TRY IT: Reproduce only this range: the line holding "ديعس ىده ةنانفلا" through the last line of the data below, both included, exactly, with no pictures.

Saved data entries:
•••

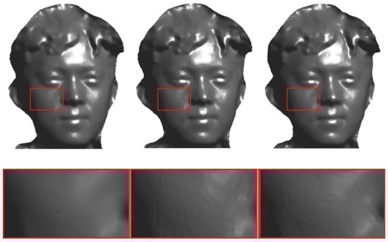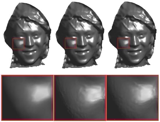 Finally, the subjective quality of the reconstructed meshes of the 2 experimental sequences is shown in Figure 11 and Figure 12. In Figure 11, the first column is the original mesh, the second column is the compressed geometric image sequence reconstruction mesh generated by traditional parametrization [53] (The total code rate of the sequence is 8.02 bpv), and the third column is the compressed geometric image sequence reconstruction mesh generated by parametrization-geometry cooperative single-reference frame registration (the total code rate of the sequence was 7.92 bpv). The first column in Figure 12 shows the original mesh, the second column is the compressed geometric image sequence reconstruction mesh generated by traditional parametrization [53] (The total code rate of the sequence is 7.54 bpv), and the third column is the compressed geometric image sequence reconstruction mesh generated by parametrization-geometry cooperative single-reference frame registration (the total code rate of the sequence was 7.23 bpv). It could be clearly seen that in the case of comparable or slightly better subjective quality, the total code rate of compressing the reconstructed 3D-mesh sequences of the geometric image sequence generated by parametrization-geometry cooperative registration was smaller than the total code rate of the geometric image sequences generated by the traditional method. It showed that the size of the compressed geometric image sequence generated by the parametrization-geometry cooperative registration was smaller than that of the geometric image sequence generated by the traditional method.
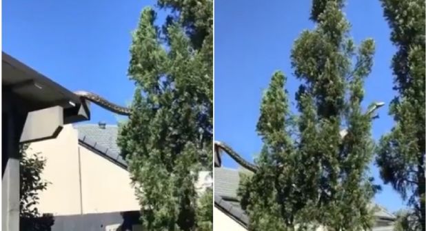 El espeluznante momento fue compartido por el usuario Andrew Anthony en TikTok y ocurrió en la comunidad de Queensland. “Sólo en Australia podrás ver una serpiente de cinco metros en los suburbios”, escribió. El imponente ejemplar fue captado arrastrándose por la parte superior de la casa de los australianos y, momentos después, escurrirse en la alta copa de un árbol cercano.
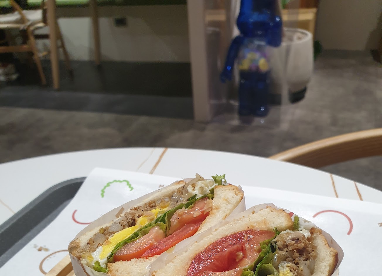 我選了《鮪魚炒洋蔥吐司含蛋》$150 有特別說不要加美乃滋 所以一口咬下配上新鮮的生菜和番茄 蠻清爽的! 鮪魚炒洋蔥吃起來是鹹甜鹹甜的味道 抹上奶油的吐司吃起來特別香 如果蛋可以不要那麼熟會更好? 製作的時間大概20分鐘以上 需要稍等一下
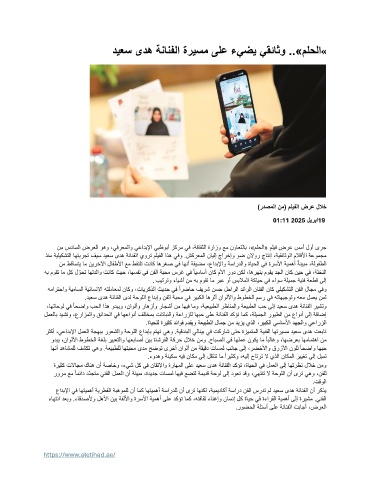 ديعس ىده ةنانفلا ةريسم ىلع ءيضي يقئاثو ..»ملحلا «
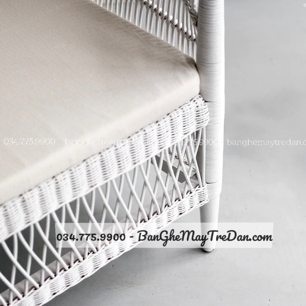 Ghế sofa mây tự nhiên màu trắng mang lại sự tinh tế và thanh lịch, tạo cảm giác sang trọng và sáng sủa cho không gian phòng khách.

•••

ANSWER FOR THE TASK:
 ديعس ىده ةنانفلا ةريسم ىلع ءيضي يقئاثو ..»ملحلا «
 Ghế sofa mây tự nhiên màu trắng mang lại sự tinh tế và thanh lịch, tạo cảm giác sang trọng và sáng sủa cho không gian phòng khách.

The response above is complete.